[WHAT TO PRODUCE] Lines outside the range are not wanted. Give again exactly the lines between the line holding "Clean legs and" and the line holding "Digital Sheet Music", inclusive, from the listing below.

[GIVEN DATA]
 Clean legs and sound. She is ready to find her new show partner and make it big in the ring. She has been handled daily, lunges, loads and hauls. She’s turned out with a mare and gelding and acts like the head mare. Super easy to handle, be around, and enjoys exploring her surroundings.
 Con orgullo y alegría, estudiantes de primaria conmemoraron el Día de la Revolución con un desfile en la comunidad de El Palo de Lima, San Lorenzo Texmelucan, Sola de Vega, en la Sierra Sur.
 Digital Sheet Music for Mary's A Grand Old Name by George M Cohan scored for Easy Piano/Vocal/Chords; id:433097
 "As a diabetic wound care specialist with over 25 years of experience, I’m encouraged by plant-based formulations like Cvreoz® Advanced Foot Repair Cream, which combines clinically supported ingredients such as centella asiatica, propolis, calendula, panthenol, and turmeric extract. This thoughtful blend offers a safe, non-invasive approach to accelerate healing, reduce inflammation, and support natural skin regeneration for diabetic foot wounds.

---

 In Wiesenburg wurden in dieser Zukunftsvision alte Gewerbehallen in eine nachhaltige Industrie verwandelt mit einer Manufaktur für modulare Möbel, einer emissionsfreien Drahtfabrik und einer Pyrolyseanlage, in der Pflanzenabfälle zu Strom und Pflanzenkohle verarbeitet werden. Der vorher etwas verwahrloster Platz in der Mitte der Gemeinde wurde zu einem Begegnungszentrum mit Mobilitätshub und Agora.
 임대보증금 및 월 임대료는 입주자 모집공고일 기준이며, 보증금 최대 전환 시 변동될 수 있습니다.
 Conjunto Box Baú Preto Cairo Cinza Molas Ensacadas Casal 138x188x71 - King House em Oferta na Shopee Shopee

[TASK RESPONSE]
 Clean legs and sound. She is ready to find her new show partner and make it big in the ring. She has been handled daily, lunges, loads and hauls. She’s turned out with a mare and gelding and acts like the head mare. Super easy to handle, be around, and enjoys exploring her surroundings.
 Con orgullo y alegría, estudiantes de primaria conmemoraron el Día de la Revolución con un desfile en la comunidad de El Palo de Lima, San Lorenzo Texmelucan, Sola de Vega, en la Sierra Sur.
 Digital Sheet Music for Mary's A Grand Old Name by George M Cohan scored for Easy Piano/Vocal/Chords; id:433097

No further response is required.